Discussion

Jan 4, 2025

Patterns and Style.

Requirements.

Get the specific requirement - It not the entire system get the one that is most difficult or the interviewer wants to know.
Design video streaming platform - then its like video upload and video see and not entire.

Back of the envelope calculation.

When the interviewer wants to know about it.
Get the estimate of number of read and number of write. The system is read optimize or write optimize.
The storage is more then need to use partitioning and replication.

API Design.

The main functions.

Architectural Design.

The design of the component.

Table of Content.

Database fundamentals.
Data SerializationFrameworks.
Replication.
Sharding.
Batch Processing.
Stream Processing.
Types of Storage.
Caching.
Load Balancing.
Contending Updates.
Change Data Capture.
Fan Out/PreComputation.
Location Based Search.
Job Scheduling.
Idempotence.
Durable Data.

Majority system design falls under the bucket.

Database Fundamentals.

How the database works.

Database is a system that store the application state. Data is typically stored on hard disk so it is persistent.

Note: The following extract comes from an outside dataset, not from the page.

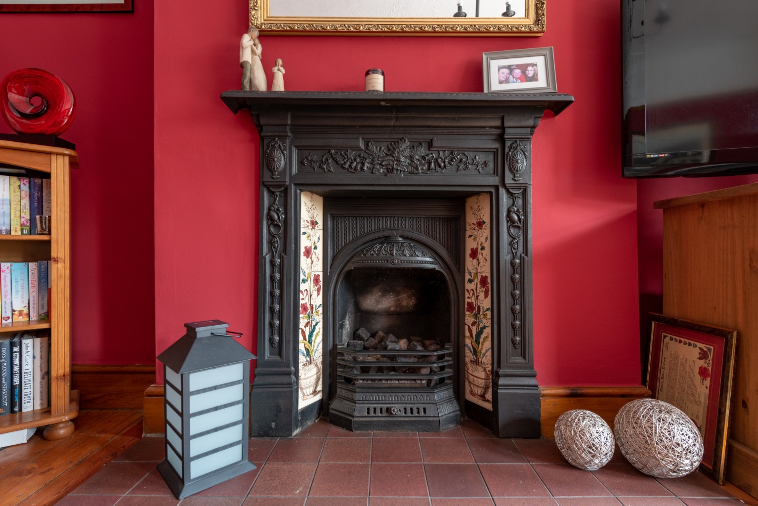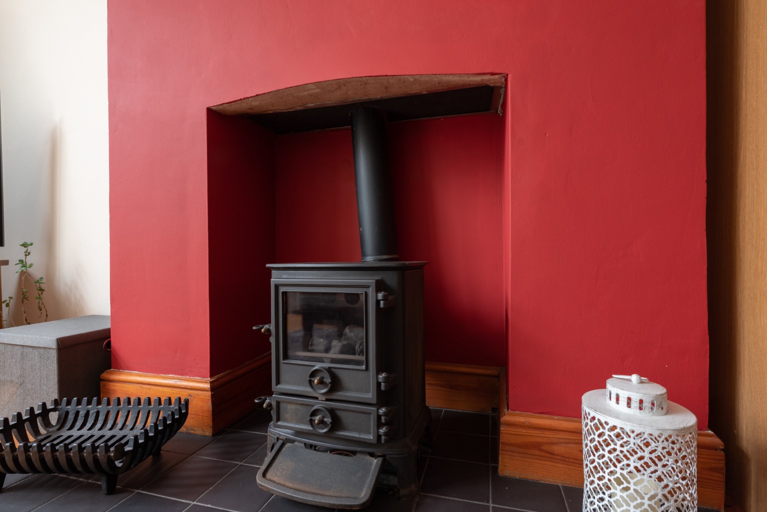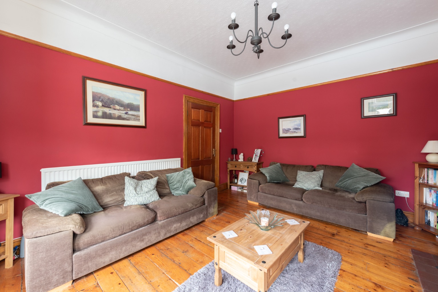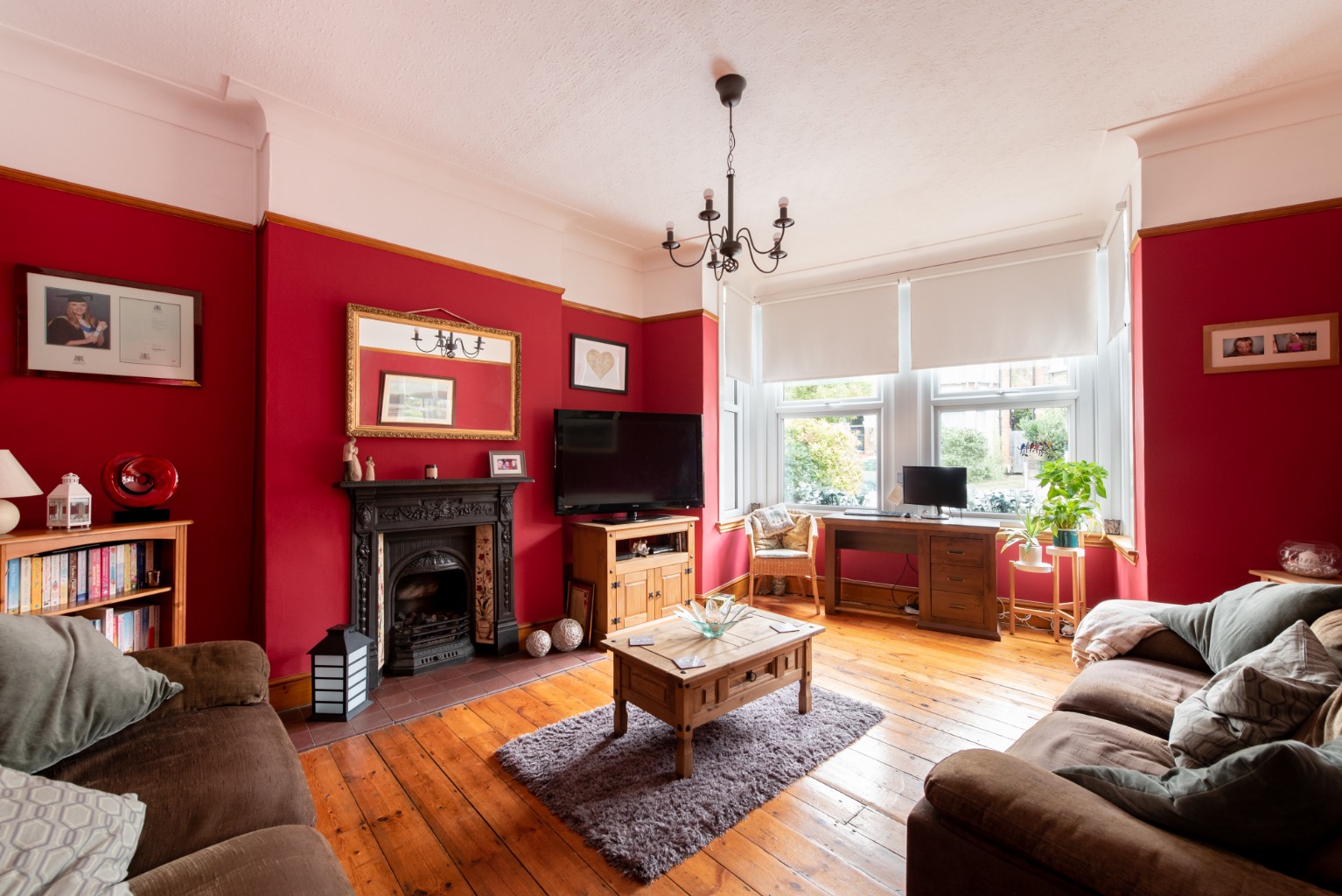 The first door to the right takes you into the wonderful main reception room. Benefitting from many original features and lit by natural light from the large bay window, this room has a real sense of grandeur. High ceilings with deep coving are accentuated by the original picture rail, which is painted white above and a classic deep crimson. The impressive cast iron fireplace and mantel, with ornate floral-patterned detail and original inset tiles provides a fabulous centre focus for the room. There are also original stripped floorboards and wood trim to match. The deep bay window which follows the offset angle of the property’s façade provides a quirky feel to the room and could accommodate a large sofa or a pair of comfortable armchairs, while still leaving plenty of space in the room for more seating, bookcases and an entertainment unit. This is a lovely room for cosy evenings in front of the fire, or for entertaining a group of family and friends.

Sequential read and write are always cheaper than random read and write.
Keep the data that are frequently read together.
Keep the data that are frequently written together.

Data stored in sorted manner will be easier to read - Database Index.

Index are feature supported by many database that allow us to speed up certain read queries and often at the expense of slowing down write queries.
If we did not have an index, each database write could just be done sequentially in a “write ahead log”. We would have to do a sequential scan over the entire table to find our row. x=5,y=10,z=15, x=20 . It continue the x=20 in a sequential manner and did not change the first one. When read it will see from the latest value. The read is O(N).

Index improves the read. 3 type of Index - Hash Index and B+ Trees and LSMTree and SSTable.

Hash Index.

Keep all keys in memory in a hashmap with their corresponding address on disk.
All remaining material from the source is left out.